To untangle these questions, both fascinating and ever more relevant in our connected world, we invited Louis Alfieri and Amy Kole to present their ideas in a Firestarter talk on the topic “East And West Is Best: How To Use Cultural Insights To Expand Our Creativity & Build Better Experiences For Today’s Global Audience”.

Illustration by Kevin Dulle

Having started out as a sculptor and illustrator, Alfieri has now been an experience designer for 30 years, working across the globe but with an emphasis on Asia and large-scale mixed-use developments, entertainment destinations, theme parks, brands, and cultural projects.

He started the transformational experience company Raven Sun Creative in 2011. Narrative writer Amy Kole is one of the global experience experts Raven Sun works with. She has worked on themed attractions for Universal Studios Japan and is now based in Florida, where she writes mobile game scripts, does high-level concept development for theme park attractions, and generates informative content for clients such as Honda and Instacart.

Before the Campfire, participants were asked to consider:

  1. What cultural experiences and interactions have you had that have influenced how you develop and create content for your audience?
  2. Have you lived or worked internationally, and what was your biggest personal moment of illumination from that experience?
  3. What cultural experiences touched you that you want to share with the group?
  4. What can you adopt and adapt from that experience that will create more meaningful experiences for the global audience?

 Here are a few of the answers they shared.

Whizz Bang, Can’t Concentrate, Man

Photo by Unsplash

Lighting designer Koert Vermuelen shared a cultural difference he’d noticed while working on shows in China and the Middle East: a much shortened attention span.

“If the men in the Chinese audience weren’t captured for 15 seconds, they were already on their phones scrolling. I saw the same in the Middle East. In Europe, it’s still a mark of respect that when you come into a theater, you put your phone on silent or put it away.”

Koert Vermuelen, lighting designer

We might be in an attention economy, but what happens when our average concentration is vastly different between demographics? In this case, Vermuelen realised that the solution was to provide regular attention-grabbing moments to keep audiences engaged.

“Every two minutes you had to give them something to keep them captured. It really influenced the design I did for a future show, which I exploded by two or three times with lighting and special effects compared to what I would have done for a European show.”

Koert Vermuelen, lighting designer

A Common Language For Uncommon People

Photo by Charles Deluvio/Unsplash

Visual thinkologist Kevin Dulle insisted on the importance of a common language to aid communication.

“You bring your own inherent thinking, not realising that there might be different ways of communicating. A good example we were presented with in Asia is the idea of priorities: what they think is important may be different to how you function.
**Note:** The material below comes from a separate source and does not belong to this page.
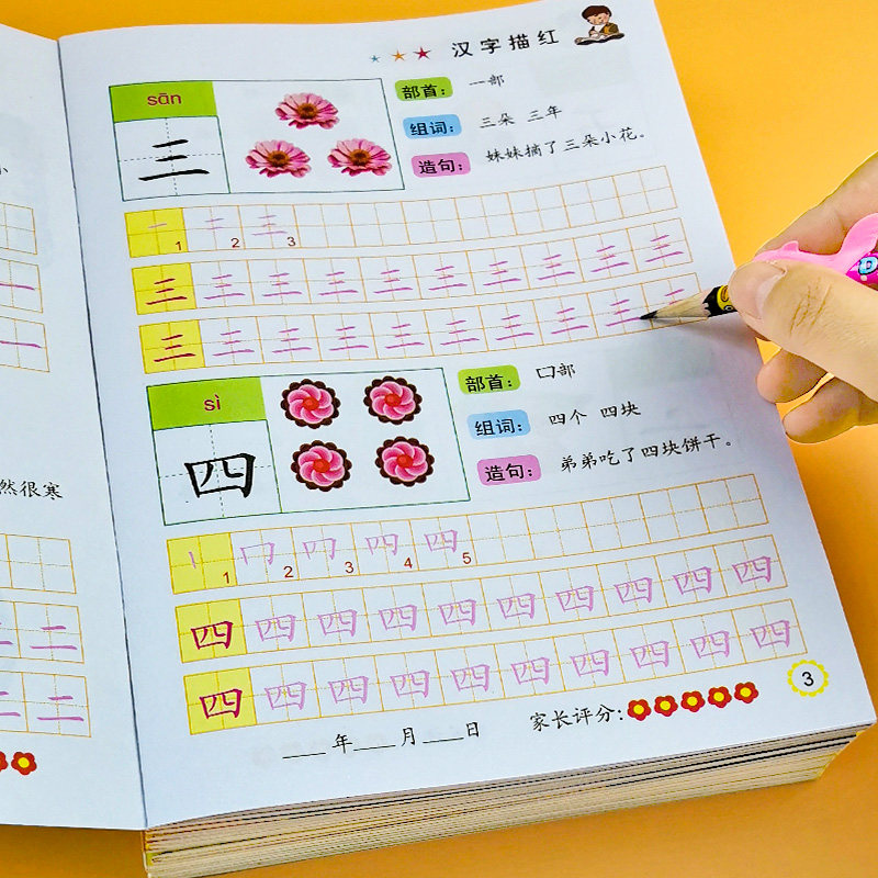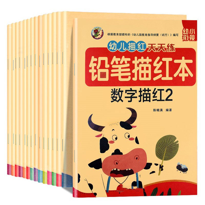 Kindergarten Sketching Benpinyin Digital Chinese Characters Pen Paramour Sketching Red Children Pencil Linen Sketch homework Ben beginner Enlightenment suit Maths practice book 3-6-year-old writing post

The use of lingo is also important. What you say may mean something completely different to someone else. So it’s always best to get your ground rules down first.”

Kevin Dulle, visual thinkologist

(For more on the importance of a common language – and tips on how to create one – check out Campfire 23: How To Bring Different Worlds Together. Dulle is also working with experience design professor Bob Rossman on a common language dictionary for the Experience Economy, which we’ll be bringing you more on soon.)
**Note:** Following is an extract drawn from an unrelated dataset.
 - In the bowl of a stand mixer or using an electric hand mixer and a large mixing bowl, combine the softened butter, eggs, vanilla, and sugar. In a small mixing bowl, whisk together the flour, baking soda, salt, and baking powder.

Experience producer Heather Gallagher suggested another solution to the challenge of communication: where verbal communication might fail, a picture’s worth 1,000 words. Plus, there’s something even better that unites us: emotion.

“Art, imagery and visual communication transcend language. The other thing is that you can still have a shared emotional experience. There are only so many basic human dramas and narratives. There’s revenge, there’s love. If you keep it light on narrative and get people into those basic stories they’re familiar with, that is universal.”

Heather Gallagher, experience producer

(For more on the idea of basic stories and narratives, watch out for our upcoming Campfire with cognitive and evolutionary psychologist Manvir Singh.)

Visual communication alone does have its limitations, however. Experience strategist Arjan Schimmel pointed out that different cultures can also experience visuals differently, in the same way as they do words.

“Words can have a different meaning in different places – a Brit can experience the word ‘interesting’ very differently to an American. But people also see things through a different lens.

I worked with Philips in Europe to make its packaging look very stylish by giving it quite simple colours and tones. But in Asia that was considered cheap-looking; it has to have bright colors to give a luxurious feel, which in Europe might be considered garish. So it’s always good to test things with people from different cultures before you actually put them in experiences.”

Arjan Schimmel, experience strategist

This is why design trends are so important, according to interior and experiential designer Vanine Narjaryan.

“You need to understand the trends, not the transcendental.”

Vanine Narjaryan, interior & experiential designer

Experience Design: The Next Great Art Form

Photo by Ari He/Unsplash

Alfieri began the Firestarter by playing a Bruce Lee video underscoring the need for “emotional punch” in an experience. As Lee says, “Think, don’t feel”.

Whatever culture we come from, there are similarities between us as human beings. So we should look for “species-level patterns of behaviour” that transcend cultural barriers.

For Alfieri, experience design is the art of discerning these universal languages – and that’s why it needs to be taken as seriously as other art forms, like photography or architecture.

“There’s an element of magic to what we do as experience creators. We use storytelling to transcend communication and be transformed as individuals. Music and culture are both universal languages of mankind that we use to communicate what we do.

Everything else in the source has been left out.